It’s Part 8, and from the bright and breezy complacency of the mid-00s, we come to 2008: the era of Mock the Week and the global financial crisis.

Part 8: 2008-10 – The Bitter End

Just as I was getting used to the new Zone family (I blame the mildly disturbing Zone Christmas card from 2006 for that particular characterisation of the team) there was more change afoot. Jamie Sefton’s tenure as editor came to an end; Suzy Wallace pursued her love of racing sims by going to work for Blimey! Games (later Slightly Mad Studios) and serving as producer on games such as Need for Speed: Shift.

Sefton was replaced as editor by Will Porter, who opened his first issue with a heartfelt and rather touching declaration that this was a dream come true: “It’s an honour, an absolute bloody honour…That doesn’t stop me from being absolutely terrified about breaking everything…the fact that I now edit a national publication is a sure sign of some fault in the system.” I always had the sense that Porter was truly a fan who ended up in charge: someone of my generation who started reading in the mid-90s who managed to achieve exactly what the rest of us 90s fanboys wanted.

Unfortunately, many of those same fanboys were now of the opinion that Zone was a pale shadow of its former self and didn’t hesitate to express this opinion. I think this was all a little harsh on the writing team at the time, and especially Porter, who always gave the impression that he cared a great deal about Zone and trying to maintain its 90s legacy. This was evident in his introduction to Issue 200, for which he managed to recruit significant Zone alumni, including Charlie Brooker: “There is something special about PC Zone…there’s a thread that has run through this magazine from issue one all the way through to today, our milestone 200th issue. It’s a feeling of shared history, of hands across the ages, and the brilliant fact that someone like me, in my first weeks of editorship can receive an email from someone who worked on the magazine seven years ago, irreconcilably angry that we were running adverts for a once-bitter rival (“What are you thinking about you stupid bastards?”, being the turn of phrase used)…Some people say that PC Zone isn’t as good as it used to be, but for this issue at least they can shut up. Today we are.”

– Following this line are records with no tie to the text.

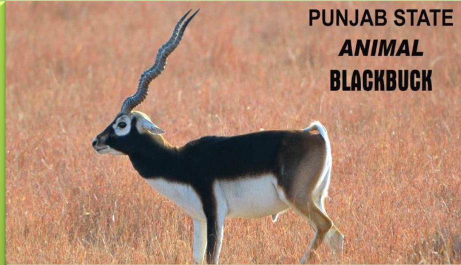
PUNJAB STATE ANIMAL BLACKBUCK
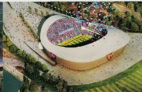
FIFA WORLD CUP™ STADIUM SAMARA
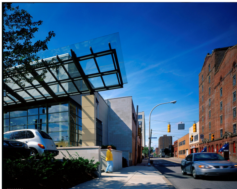
Entrance to Whole Foods parking lot, East Liberty, Pittsburgh

Exit Strategy. How, when, and for what price will the CDC agree to be bought out by the for-profit, or vice versa? This key point should be covered in the operating or partnership agreement.
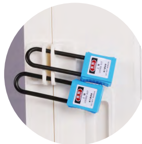
Double locks for security against unauthorized use. (No include)
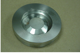
Figure 1. Disk orientation

When installing a replacement, non-fragmenting, metal rupture disk, the dome of the disk must be facing the chiller. See Figure 1, p. 2 for details.
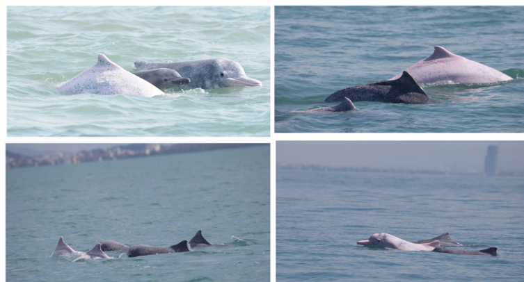
Fig. 2 Pictures of S. chinensis taken during the present boat surveys

with an average of 135 km 2 (Hung 2008). The present new sightings are located nearly more than 300 km away from previously known habitat of S. chinensis . This coast is a prime tourist destination and hosts dense human populations, especially during the winter tourist season. However, although these waters are generally subject to high economic pressure and coastal development, the Beibu
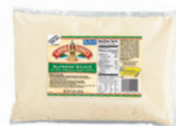
39453 - Alfredo Sauce
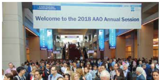
The Walter E. Washington Convention Center is filled with orthodontic professionals Saturday morning, at the beginning of the 2018 AAO Annual Session.
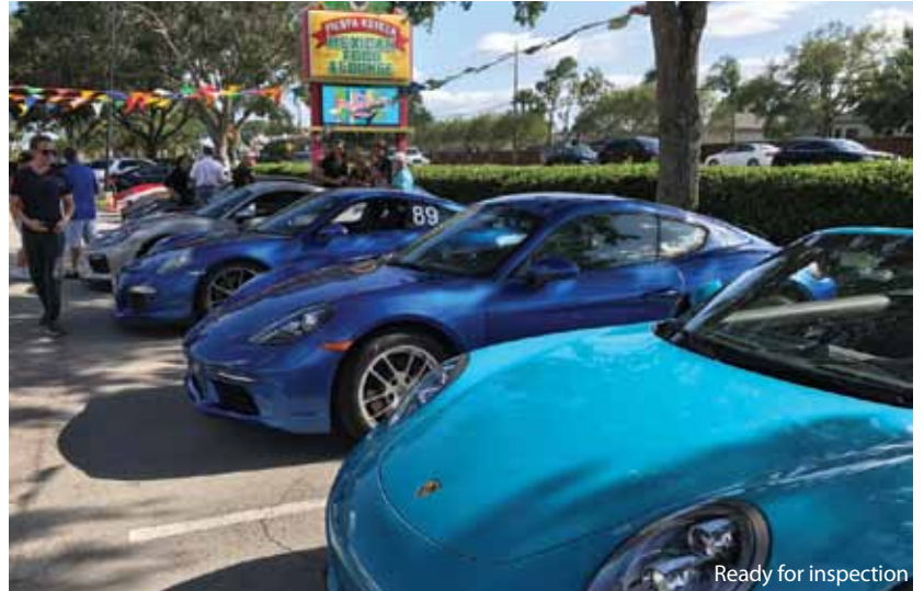
Ready for inspection
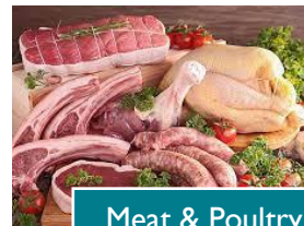
Meat & Poultry
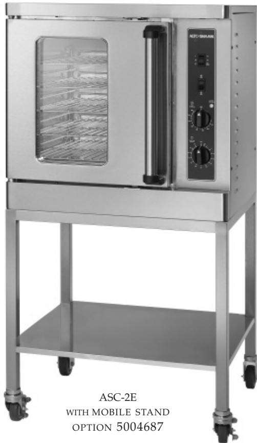
ASC-2E WITH MOBILE STAND OPTION 5004687
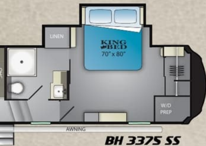
BH 3375 SS
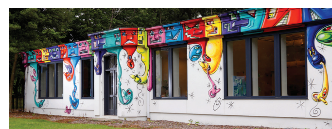
Kenny Scharf, Manes Mural, 2017
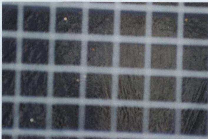
Figure 1.2 Image from series Grid , 20"x 30", 2011

Images from the series Grid 1- 11 (2011) (Fig. 1.2) also draw attention to their surface, especially by the contrast of depth and layering. The main subjects – the grid, the water underneath, and the pennies in the water – are flattened together in the way that only a camera (or a lack of depth perception) would show. This compression is an aspect of abstraction. I am attracted to the contrast between the flowing water and the fixed metal grid, and distance that is lost (through flattening) and that we are reminded of by the pennies that lay on underwater. In the final work these elements are emphasized through repetition; there are four photographs in the series.
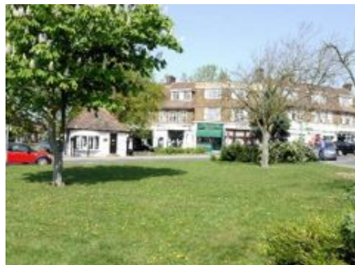
Views of Bradmore Green, Brookmans Park
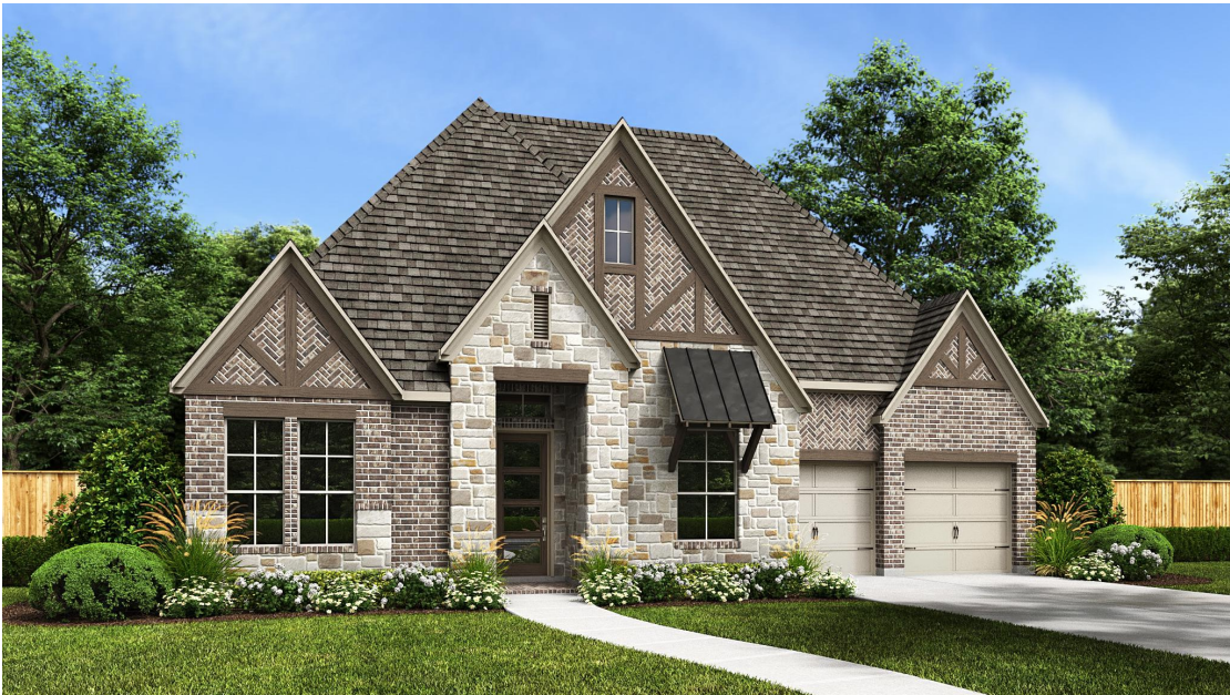
DESIGN 585A E-70

Issue 200 was arguably Zone’s last hurrah, in that the old writers did come back (Brooker was rewarded with a copy of Euro Truck Simulator to review: “Oh thanks, PC Zone. You bring me back from the dead for one last review and what do you give me to look at? A game in which you drive a lorry full of tomatoes to Lyon”, while Mr Cursor’s copy arrived “on floppy disks and in the post, with ‘Urgent’ scrawled on it in Biro”) and the magazine still seemed in reasonably healthy shape.

No thanks to me, though: I’d already let me subscription lapse at some point in 2008, buying issue 200 as a one-off on the promise of some 90s nostalgic ramblings. Again, I don’t really have a sense of making a conscious decision to not renew: it was more likely a case of basic laziness. I have a theory about magazine subscriptions causing the reader to lose interest: with a subscription, magazines drop unexpectedly through the door, to be retrieved after a day at work and put on a pile with credit card bills, only to be half-heartedly flicked through one evening before bed. One-off purchases, on the other hand, are usually made shortly before a long train journey or flight abroad, associated with the optimism of the beginning of a holiday or long weekend, and are subject to multiple levels of scrutiny: the quick scan, the second reading with particular emphasis on things of interest to you, then multiple further sweeps to mop up the bits you might have previously ignored.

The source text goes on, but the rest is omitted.